Aim of the exercise: Leave the pictures behind and reproduce every line of the listing exactly.

Available data:
================================

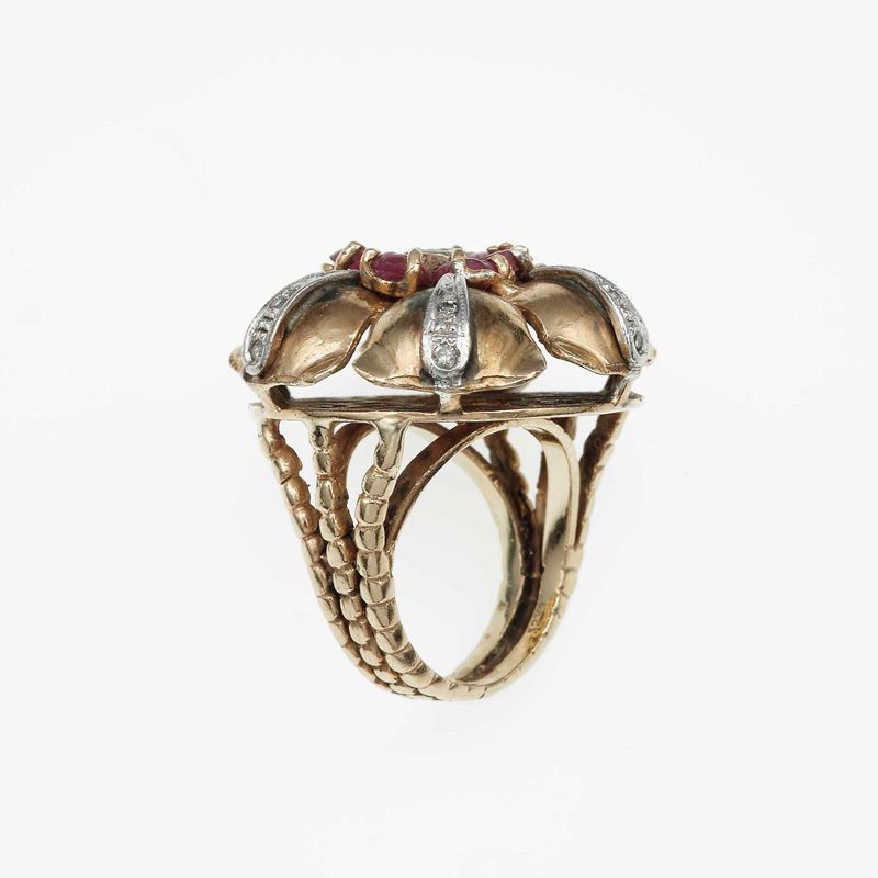 Ruby, diamond and low karat gold ring
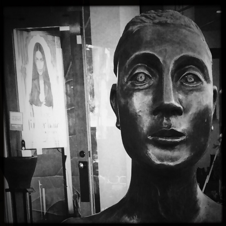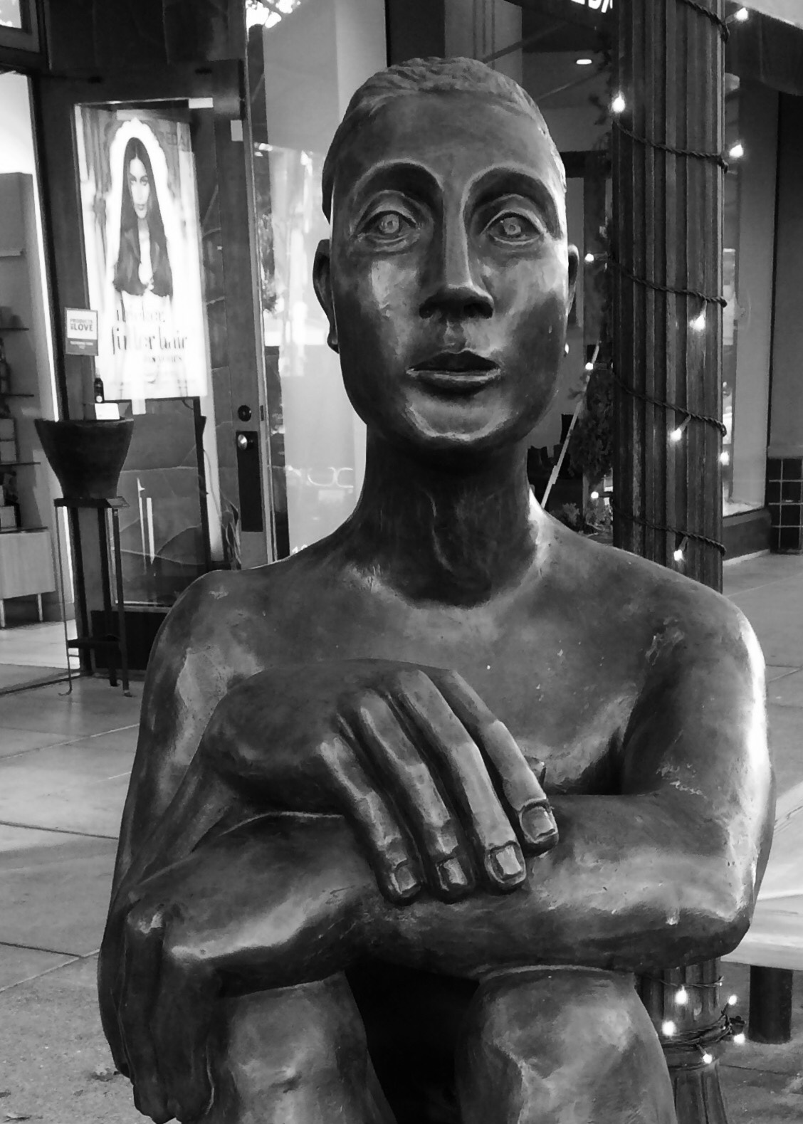 Pablo is a life-sized sculpture that sits quietly on the corner of Forth Street and Hearst a busy upscale shopping area in West Berkeley. Children climb on him, tourist pose with him but many folks just pass him by, ignoring his oversized feet and hands and penetrating gaze. I’ve never tried to photograph him because I aways thought it would just be just a documentation. Then last week this perfect moment presented itself. The setting sun lit him up and the newly installed Holliday lights came on AND a Madonna like figure appeared over his shoulder thanks to an open door. Add the beauty and drama of B&W Pablo tell a nice start.
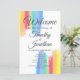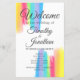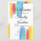 Belo programa de casamento de cor d'água do arco-íris com traçados bonito e artísticos de cor brilhante para um evento LGBTQ. Escrito elegante e bordas coloridas para trazer felicidade para o seu sindicato.
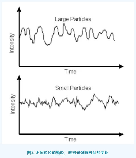 分散在溶液相的納米顆粒由于受到溶劑分子的撞擊,呈現出無規則的運動,我們稱之為布朗運動(Brownian motion),如果我們將一束激光照射至含有該納米顆粒的溶液中,溶液相中的顆粒會產生散射光,隨后在一定的角度收集相關的散射光,我們就能得到如圖2所示的散射光強隨時間的變化曲線,可以看出大顆粒布朗運動較為緩慢,散射光強的變化頻率較慢(圖2,上)。小顆粒則相反,由于其布朗運動劇烈,接收到的散射光強的變化頻率較快(圖2,下)。
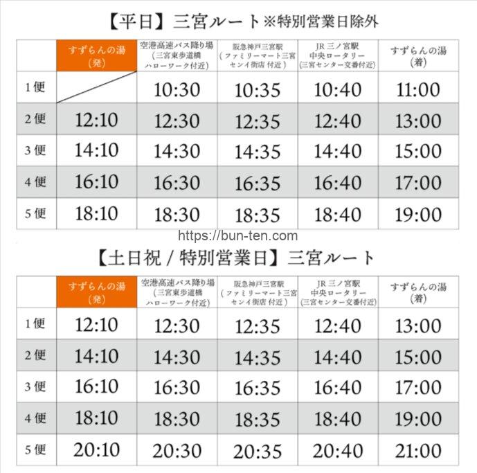アクセス:無料送迎バス「三宮」3か所より乗車して約20分
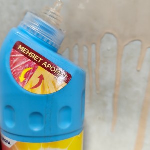 Что бы повесить блок для унитаза для начала делаем уборку, заливаем средством чистящим. Не устану говорить про запах, он яркий, вкусный и совсем не режущий глаз как хлорка, а так же присутствует оранжевый цвет и я наконец-то блин вижу где я его использую, а не напрасно выливаю пол упаковки в надежде "ну хоть где то попало". Так же бросаю одну таблетку в унитаз и ухожу спать.
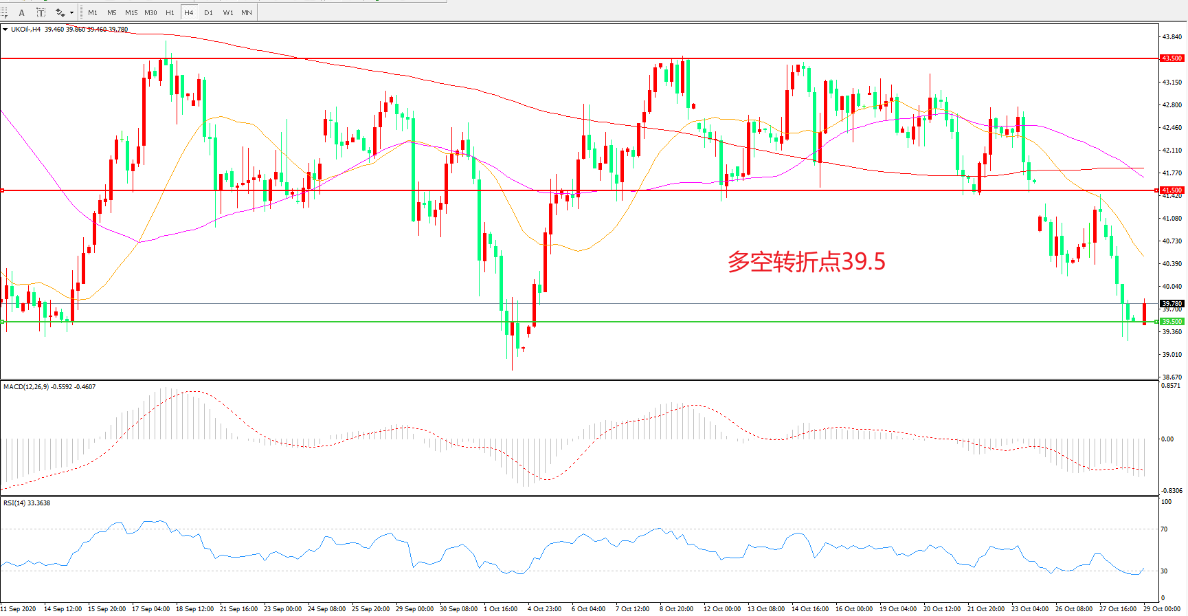 交易策略:  在41.50之下看跌,目标39.50      37.00

================================

Solved problem:
 Ruby, diamond and low karat gold ring
 Pablo is a life-sized sculpture that sits quietly on the corner of Forth Street and Hearst a busy upscale shopping area in West Berkeley. Children climb on him, tourist pose with him but many folks just pass him by, ignoring his oversized feet and hands and penetrating gaze. I’ve never tried to photograph him because I aways thought it would just be just a documentation. Then last week this perfect moment presented itself. The setting sun lit him up and the newly installed Holliday lights came on AND a Madonna like figure appeared over his shoulder thanks to an open door. Add the beauty and drama of B&W Pablo tell a nice start.
 Belo programa de casamento de cor d'água do arco-íris com traçados bonito e artísticos de cor brilhante para um evento LGBTQ. Escrito elegante e bordas coloridas para trazer felicidade para o seu sindicato.
 分散在溶液相的納米顆粒由于受到溶劑分子的撞擊,呈現出無規則的運動,我們稱之為布朗運動(Brownian motion),如果我們將一束激光照射至含有該納米顆粒的溶液中,溶液相中的顆粒會產生散射光,隨后在一定的角度收集相關的散射光,我們就能得到如圖2所示的散射光強隨時間的變化曲線,可以看出大顆粒布朗運動較為緩慢,散射光強的變化頻率較慢(圖2,上)。小顆粒則相反,由于其布朗運動劇烈,接收到的散射光強的變化頻率較快(圖2,下)。
アクセス:無料送迎バス「三宮」3か所より乗車して約20分
 Что бы повесить блок для унитаза для начала делаем уборку, заливаем средством чистящим. Не устану говорить про запах, он яркий, вкусный и совсем не режущий глаз как хлорка, а так же присутствует оранжевый цвет и я наконец-то блин вижу где я его использую, а не напрасно выливаю пол упаковки в надежде "ну хоть где то попало". Так же бросаю одну таблетку в унитаз и ухожу спать.
 交易策略:  在41.50之下看跌,目标39.50      37.00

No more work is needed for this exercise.